The characteristics and phylogenetic relationships between SMXL genes from 16 representative species with relatively complete annotated genome data were investigated. In all the 16 species, we selected 11 species from the rosids lineage, including 7 Rosaceae (P. pyrifolia, P. persica, F. vesca, M. sylvestris, E. japonica, R. chinensis, and G. trifoliate), 1 Moraceae (F. microcarpa), 1 Fabaceae (G. max), 1 Brassicaceae (A. thaliana), and 1 Vitaceae (V. vinifera) species. Additionally, we also selected one Solanaceae species (S. lycopersicum) from the asterids lineage, two monocot sspecies (D. alata and O. sativa), and two basal angiosperm species (N. colorata and A. trichopoda). Genomic sequences, gene annotations, and gene models were obtained from the following databases: Phytozome (https://phytozome-next.jgi.doe.gov/, accessed on 5 August 2023) (A. thaliana, P. persica, F. vesca, G. max, D. alata, O. sativa, and A. trichopoda); Genome Database for Rosaceae (GDR: https://www.rosaceae.org/, accessed on 5 August 2023) (P. pyrifolia and M. sylvestris); Solanaceae Genomics Network (https://solgenomics.net/, accessed on 5 August 2023) (S. lycopersicum); Grapedia (https://grapedia.org/genomes/, accessed on 6 August 2023) (V. vinifera); Institut national de la recherche agronomique (https://lipm-browsers.toulouse.inra.fr/pub/RchiOBHm-V2/, accessed on 6 August 2023) (R. chinensis); Genome Warehouse GWH: https://ngdc.cncb.ac.cn/, accessed on 6 August 2023) (F. microcarpa and N. colorata); and China National GeneBank (CNGB: https://db.cngb.org/search/, accessed on 6 August 2023) (E. japonica and G. trifoliate).

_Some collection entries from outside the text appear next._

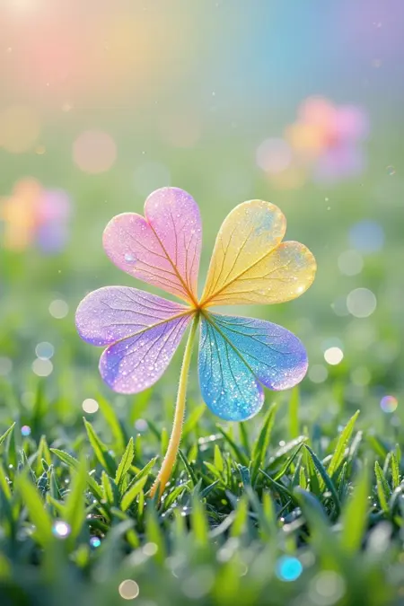 多彩的粉彩色调与闪烁效果,四叶草带着彩虹色花瓣,草地上闪烁着微光,柔焦效果。
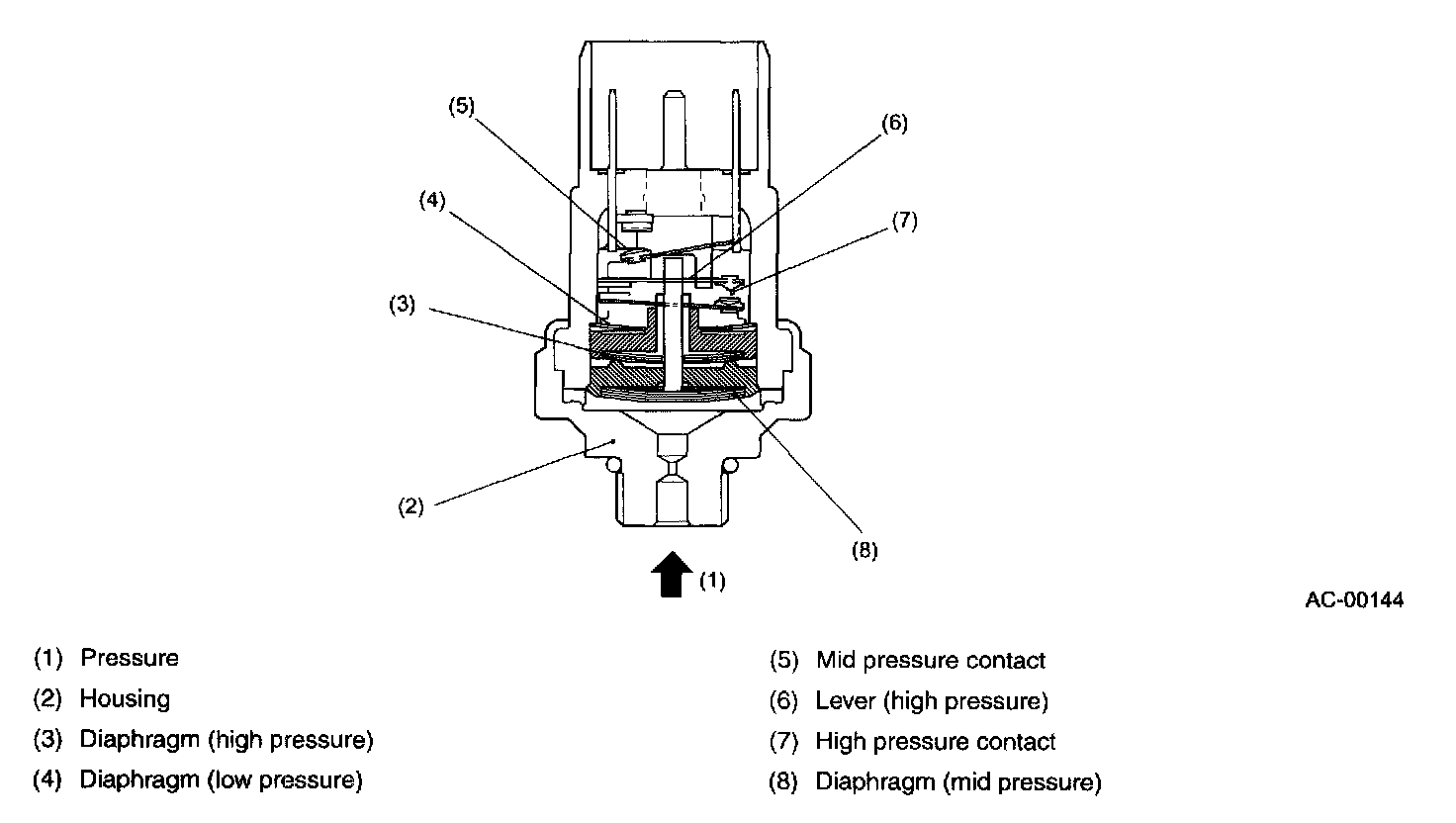 The pressure switch is a high-pressure side component of the refrigeration cycle (cooling cycle). It consists of a diaphragm that receives refrigerant gas pressure, a snap plate, a rod, and contacts that open both when the gas pressure is too low and when it is too high.
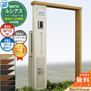 YKKap 機能門柱 ルシアス ウォールHH03型 W10 表札灯タイプ(24V照明) T9R(L)型・宅配ボックスセット 正面パネル【ポスト加工付き / 宅配加工付き / インターホン加工なし】 存...
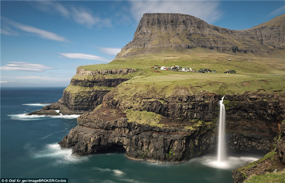 加萨达鲁(Gasadalur)位于北大西洋法罗群岛中Vágar岛的西部,岛上仅有16名原住民。村内的小溪直接坠下悬崖落入大西洋,形成壮观的瀑布。

4.2. SMXL Gene Identification and Classification

Eight previously identified and characterized SMXL proteins from A. thaliana (GenBank: SMAX1, AT5G57710.1; SMXL2, AT4G30350.1; SMXL3, AT3G52490.1; SMXL4, AT4G29920.1; SMXL5, AT5G57130.1; SMXL6, AT1G07200.2; SMXL7, AT2G29970.1; SMXL8, AT2G40130.2) were employed to construct a set of query proteins [57]. The candidate SMXL proteins in the other 15 species were identified via a local BLAST search using TBtools V1.113 [58] with Expect values below 1 × 10−10. Redundant and short sequences (<100 amino acids) were filtered out manually. Subsequently, abnormal sequences were deleted manually. The biochemistry of each SMXL protein, including the number of amino acids, isoelectric point (pI), and molecular weight (MW), was determined using online ExPASy software (https://www.expasy.org/, accessed on 16 August 2023).

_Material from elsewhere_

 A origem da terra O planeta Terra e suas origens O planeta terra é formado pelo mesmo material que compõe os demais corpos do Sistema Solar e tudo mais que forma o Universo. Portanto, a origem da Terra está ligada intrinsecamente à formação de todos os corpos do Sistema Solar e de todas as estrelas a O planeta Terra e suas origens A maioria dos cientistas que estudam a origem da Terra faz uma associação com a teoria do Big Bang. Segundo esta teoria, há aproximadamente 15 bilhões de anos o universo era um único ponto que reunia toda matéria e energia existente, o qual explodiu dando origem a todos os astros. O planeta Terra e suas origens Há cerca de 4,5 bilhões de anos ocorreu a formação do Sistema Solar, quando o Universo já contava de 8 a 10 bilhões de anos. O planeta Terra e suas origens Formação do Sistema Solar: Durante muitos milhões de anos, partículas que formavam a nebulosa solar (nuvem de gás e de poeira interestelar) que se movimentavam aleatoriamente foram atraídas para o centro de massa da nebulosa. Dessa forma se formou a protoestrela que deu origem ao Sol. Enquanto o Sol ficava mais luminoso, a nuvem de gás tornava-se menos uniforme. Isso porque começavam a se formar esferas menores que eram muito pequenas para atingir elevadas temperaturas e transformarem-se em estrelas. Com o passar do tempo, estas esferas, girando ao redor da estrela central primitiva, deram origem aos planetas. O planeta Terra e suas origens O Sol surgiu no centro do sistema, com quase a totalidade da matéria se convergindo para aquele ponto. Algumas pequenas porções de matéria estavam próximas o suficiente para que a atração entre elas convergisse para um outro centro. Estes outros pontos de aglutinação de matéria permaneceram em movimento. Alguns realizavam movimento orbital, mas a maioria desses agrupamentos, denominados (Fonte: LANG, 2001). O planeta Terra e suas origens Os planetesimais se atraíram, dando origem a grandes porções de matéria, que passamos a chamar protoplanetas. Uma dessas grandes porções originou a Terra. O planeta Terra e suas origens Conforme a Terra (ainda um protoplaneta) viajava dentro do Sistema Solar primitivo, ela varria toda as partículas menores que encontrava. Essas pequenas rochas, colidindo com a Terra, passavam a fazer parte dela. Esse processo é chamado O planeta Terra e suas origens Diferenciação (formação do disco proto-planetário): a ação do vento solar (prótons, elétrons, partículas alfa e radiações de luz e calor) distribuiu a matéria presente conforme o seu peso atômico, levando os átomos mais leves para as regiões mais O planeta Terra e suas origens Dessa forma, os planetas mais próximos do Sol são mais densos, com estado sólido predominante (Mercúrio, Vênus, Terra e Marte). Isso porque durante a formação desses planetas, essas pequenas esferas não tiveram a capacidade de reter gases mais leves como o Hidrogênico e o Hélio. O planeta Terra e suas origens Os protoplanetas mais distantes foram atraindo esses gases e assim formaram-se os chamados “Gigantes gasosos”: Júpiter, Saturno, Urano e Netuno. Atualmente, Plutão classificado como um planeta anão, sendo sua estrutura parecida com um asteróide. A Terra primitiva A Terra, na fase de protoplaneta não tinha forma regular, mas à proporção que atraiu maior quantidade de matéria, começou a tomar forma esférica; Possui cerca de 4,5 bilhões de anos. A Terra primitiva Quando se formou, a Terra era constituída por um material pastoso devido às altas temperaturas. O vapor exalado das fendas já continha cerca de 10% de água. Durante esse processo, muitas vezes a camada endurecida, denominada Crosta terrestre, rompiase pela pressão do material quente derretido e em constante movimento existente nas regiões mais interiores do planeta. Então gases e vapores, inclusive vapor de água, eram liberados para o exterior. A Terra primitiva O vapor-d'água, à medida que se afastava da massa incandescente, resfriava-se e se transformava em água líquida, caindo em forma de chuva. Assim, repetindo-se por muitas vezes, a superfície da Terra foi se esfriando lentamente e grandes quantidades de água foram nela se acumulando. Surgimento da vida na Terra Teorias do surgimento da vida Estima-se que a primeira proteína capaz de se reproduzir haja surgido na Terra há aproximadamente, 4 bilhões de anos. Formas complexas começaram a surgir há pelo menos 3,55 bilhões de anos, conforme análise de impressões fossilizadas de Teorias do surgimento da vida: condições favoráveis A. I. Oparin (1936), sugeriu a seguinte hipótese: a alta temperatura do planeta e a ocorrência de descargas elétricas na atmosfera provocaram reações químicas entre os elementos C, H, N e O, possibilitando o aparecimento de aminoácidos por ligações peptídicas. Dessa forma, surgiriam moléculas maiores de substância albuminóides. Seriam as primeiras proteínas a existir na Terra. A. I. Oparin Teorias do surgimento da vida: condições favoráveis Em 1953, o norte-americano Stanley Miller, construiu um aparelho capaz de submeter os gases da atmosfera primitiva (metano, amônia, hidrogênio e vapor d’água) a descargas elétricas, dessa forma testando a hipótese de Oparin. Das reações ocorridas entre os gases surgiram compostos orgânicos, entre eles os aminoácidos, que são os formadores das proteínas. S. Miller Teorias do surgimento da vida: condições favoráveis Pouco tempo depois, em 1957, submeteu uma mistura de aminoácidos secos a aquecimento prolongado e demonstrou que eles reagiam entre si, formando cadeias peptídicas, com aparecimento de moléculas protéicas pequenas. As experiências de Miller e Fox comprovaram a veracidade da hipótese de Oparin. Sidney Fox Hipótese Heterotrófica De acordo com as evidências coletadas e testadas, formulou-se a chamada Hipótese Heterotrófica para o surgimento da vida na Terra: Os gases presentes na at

4.3. Phylogenetic Tree, Gene, and Three-Dimensional Protein Structures, Conserved Domains, and Motifs

Multiple-SMXL-sequences alignment was performed using MEGA11.0 [59], and the resulting sequence was trimmed using the Simple MSA Trimmer assembled in TBtools V1.113 [58]. The phylogenetic tree of species was constructed in accordance with the AGP IV system [60], and polyploidization events described in previous studies [37,40,61,62,63] are mapped onto the tree. The phylogenetic tree with 121 SMXL genes in 16 angiosperms was created based on the maximum likelihood method and Poisson’s correction model using 1000 bootstrap replicates [64], and then edited and visualized using FigTree software (http://tree.bio.ed.ac.uk, accessed on 12 September 2023). SMXL gene structure information was parsed from the GFF files of each genome. Gene Structure View (Advanced) within TBtools V1.113 was used to create diagrams of domain locations and gene structures. MEME online tools (https://meme-suite.org/meme/tools/meme, accessed on accessed on 21 September 2023) were used to predict conserved motifs using the following parameters: repeats per sequence (any); motif width range (6–50 amino acids); and maximum number of motifs (50). The tertiary structures of SMXL proteins were modeled and displayed using the Swiss-Model interactive tool (https://swissmodel.expasy.org/interactive, accessed on 2 September 2023).

4.4. Genome Synteny and Gene Duplication Analysis

Genome assembly and annotation files were obtained from Genome Database for Rosaceae (P. pyrifolia); Phytozome (P. persica) and China National GeneBank (E. japonica and G. trifoliate). Genome synteny information for P. pyrifolia, P. persica, E. japonica, and G. trifoliate was calculated using MCScanX [65]. MCScanX was also used to recognize whole-genome duplication events in SMXL genes from pear (P. pyrifolia).
SMXL syntenic networks were analyzed with CFinder v2.0.6 [66] using the unweighted CPM algorithm and no time limit. All possible k-clique communities for the SMXL gene syntenic networks were identified using k = 4 as the clique community threshold—in this scenario, one SMXL gene (node) involved in a subnetwork community needed to have at least two connections (edges) with other nodes in the community. Increasing k values make the communities smaller and more disintegrated but also more connected. TBtools V1.113 was applied to perform a collinearity analysis of SMXL genes with default parameters. The Ks values of syntenic genes were calculated using KaKs_Calculator 3 (https://ngdc.cncb.ac.cn, accessed on 15 September 2023) [49].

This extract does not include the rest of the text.